== EXERCISE PROMPT ==
For each entry, output its words exactly and leave any picture behind.

:: SUPPLIED ENTRIES

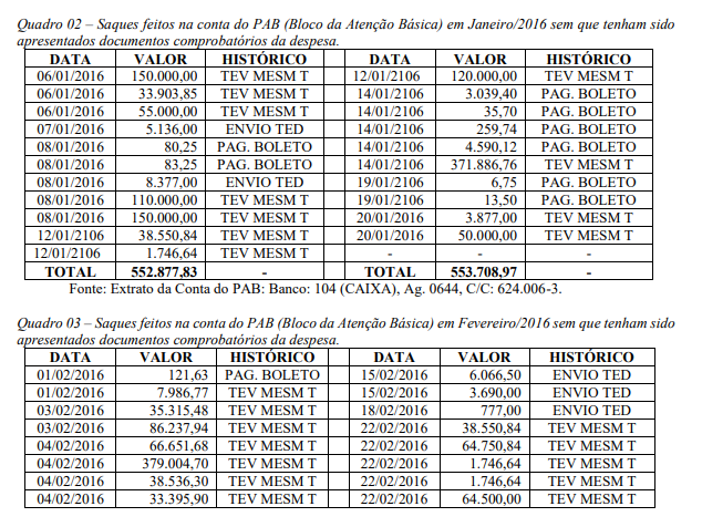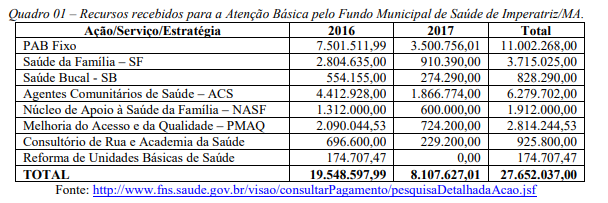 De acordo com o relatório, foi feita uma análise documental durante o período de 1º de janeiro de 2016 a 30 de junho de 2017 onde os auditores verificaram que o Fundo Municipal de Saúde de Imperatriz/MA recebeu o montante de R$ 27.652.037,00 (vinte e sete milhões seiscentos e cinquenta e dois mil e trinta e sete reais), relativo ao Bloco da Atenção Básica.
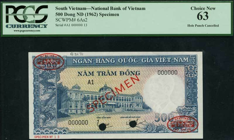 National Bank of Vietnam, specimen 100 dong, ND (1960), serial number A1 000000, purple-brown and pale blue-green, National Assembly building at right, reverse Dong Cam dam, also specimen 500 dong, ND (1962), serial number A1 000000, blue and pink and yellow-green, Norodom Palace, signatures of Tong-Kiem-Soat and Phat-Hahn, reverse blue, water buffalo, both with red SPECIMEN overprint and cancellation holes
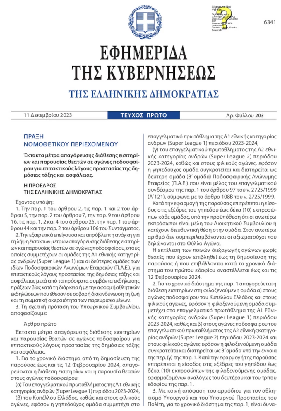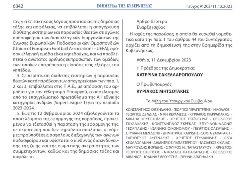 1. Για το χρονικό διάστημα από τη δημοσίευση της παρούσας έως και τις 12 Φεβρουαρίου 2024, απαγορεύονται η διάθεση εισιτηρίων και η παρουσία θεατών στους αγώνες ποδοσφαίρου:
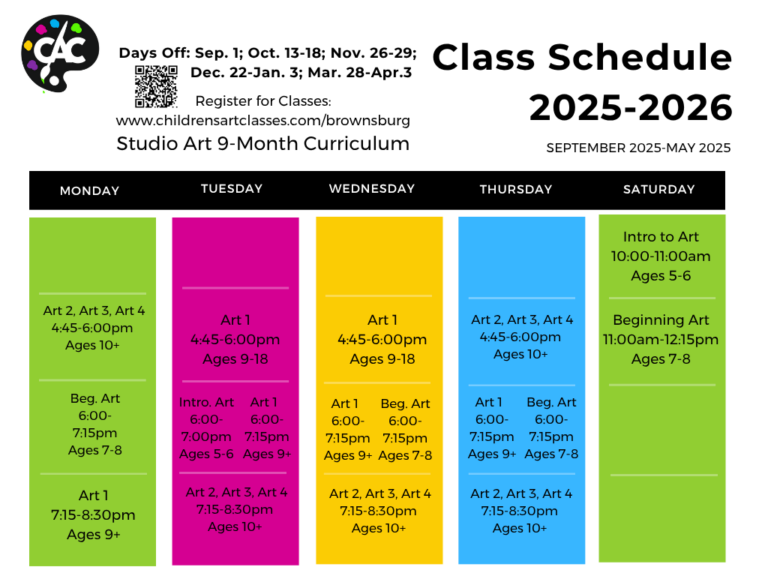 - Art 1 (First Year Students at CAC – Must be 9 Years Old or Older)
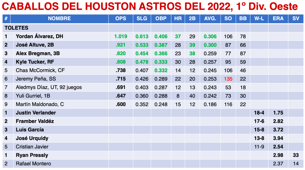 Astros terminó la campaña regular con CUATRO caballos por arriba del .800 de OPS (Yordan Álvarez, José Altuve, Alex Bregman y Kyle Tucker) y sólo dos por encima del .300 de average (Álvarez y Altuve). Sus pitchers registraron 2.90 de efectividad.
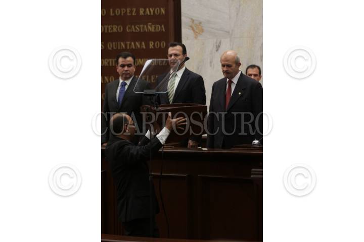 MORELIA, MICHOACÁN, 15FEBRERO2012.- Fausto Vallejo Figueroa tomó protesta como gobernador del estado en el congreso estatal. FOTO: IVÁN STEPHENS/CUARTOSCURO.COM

::::

== EXERCISE OUTPUT ==
 De acordo com o relatório, foi feita uma análise documental durante o período de 1º de janeiro de 2016 a 30 de junho de 2017 onde os auditores verificaram que o Fundo Municipal de Saúde de Imperatriz/MA recebeu o montante de R$ 27.652.037,00 (vinte e sete milhões seiscentos e cinquenta e dois mil e trinta e sete reais), relativo ao Bloco da Atenção Básica.
 National Bank of Vietnam, specimen 100 dong, ND (1960), serial number A1 000000, purple-brown and pale blue-green, National Assembly building at right, reverse Dong Cam dam, also specimen 500 dong, ND (1962), serial number A1 000000, blue and pink and yellow-green, Norodom Palace, signatures of Tong-Kiem-Soat and Phat-Hahn, reverse blue, water buffalo, both with red SPECIMEN overprint and cancellation holes
 1. Για το χρονικό διάστημα από τη δημοσίευση της παρούσας έως και τις 12 Φεβρουαρίου 2024, απαγορεύονται η διάθεση εισιτηρίων και η παρουσία θεατών στους αγώνες ποδοσφαίρου:
 - Art 1 (First Year Students at CAC – Must be 9 Years Old or Older)
 Astros terminó la campaña regular con CUATRO caballos por arriba del .800 de OPS (Yordan Álvarez, José Altuve, Alex Bregman y Kyle Tucker) y sólo dos por encima del .300 de average (Álvarez y Altuve). Sus pitchers registraron 2.90 de efectividad.
 MORELIA, MICHOACÁN, 15FEBRERO2012.- Fausto Vallejo Figueroa tomó protesta como gobernador del estado en el congreso estatal. FOTO: IVÁN STEPHENS/CUARTOSCURO.COM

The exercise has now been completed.